Bir süre önce şirketim bir aşı talimatı yayınladı, hatta her çalışanın aşı durumunu takip etmesi için bir kişi atadı. Yerleşim komitemin personeli de durumum hakkında bilgi almak için aile üyelerimi birkaç kez aradı. Apartman kompleksimin kapısında da hoparlör ile her gün aynı anons yapıldı ve herkesi müdahale etmeye çağrıda bulundular. İşverenimden ve yerel topluluktan gelen baskıyla karşı karşıya kaldığımda, xinxing'imi geliştirmek için harika bir fırsatım oldu. Ben xinxing uygulamasının dört aşamasını deneyimledim. İşte yaşadığım deneyimlerim.
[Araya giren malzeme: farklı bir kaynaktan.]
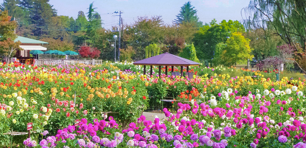 『川西ダリヤ園』では、650品種100,000本のダリアを咲かせ、毎年8月はじめから11月上旬の降霜の時期まで開園しています。メキシコ原産のダリアは、ふるさとメキシコの太陽の輝きのように咲き誇り、多くの来園者で賑わっています。

Birinci Aşama: Hayır Demek Ama Fazla Güvenmemek
Aşı zorlamasıyla ilgili ilk düşüncem şuydu: “Ben bir uygulayıcıyım. Vurulmayacağım." Şirketimin belirlenmiş olduğu aşı kontrolörünün beni aradığı ilk gün, ona aşılanmadığımı söyledim. Sonraki birkaç gün beni aramadı. Ancak, aşı yaptırmayan kişilerin listesi giderek kısalıyordu. Beni tekrar aradığında, "Git, aşını ol" dedi. Tıbbi bir muafiyet alamazsanız, eninde sonunda vurulacaksınız. Aşı kartı olmadan restoranlara bile gidemezsiniz.” İçimden gelmiyor olmasına rağmen, aşı yaptırmama mantığımda bir şeylerin doğru olmadığını hissettim.
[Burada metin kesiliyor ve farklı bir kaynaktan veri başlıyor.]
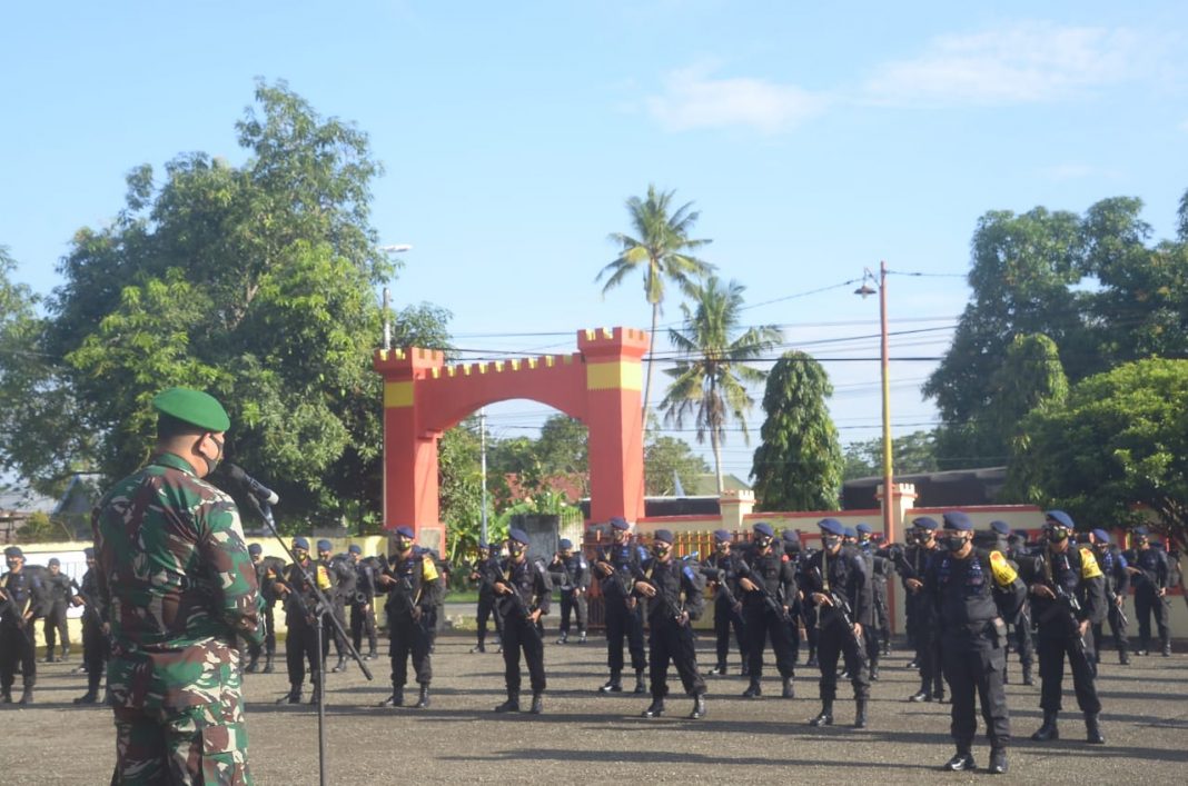 BONE, The East Indonesia – Komandan Kodim 1407/Bone Letkol Kav. Budiman, S.H. menjadi pimpinan apel pemberangkatan Pesonel Batalyon C Pelopor Brimob yang akan melaksanakan tugas BKO ke Polda Papua, Minggu (14/03/2021).

İkinci Aşama: Bir Bahane Bulmaya Çalışmak
Aşıyı neden reddettiğimi kalbimin derinliklerinde inceledim. Yan etkiler konusunda endişeleniyor muydum? Bir Falun Dafa uygulayıcısı olarak, vücudumun Shifu (Falun Dafa'nın kurucusu Shifu Li Hongzhi) tarafından arındırıldığından ve herhangi bir yan etki olsa bile, bunların vücuduma hiçbir şekilde zarar vermeyeceğinden çok emindim. Yani asıl sebep, uygulayıcı olduğum için herhangi bir aşıya ihtiyacım olmamasıydı. Ama çoğu kişi ateist olduğu için insanların bu mantığımı anlamamasından korktum.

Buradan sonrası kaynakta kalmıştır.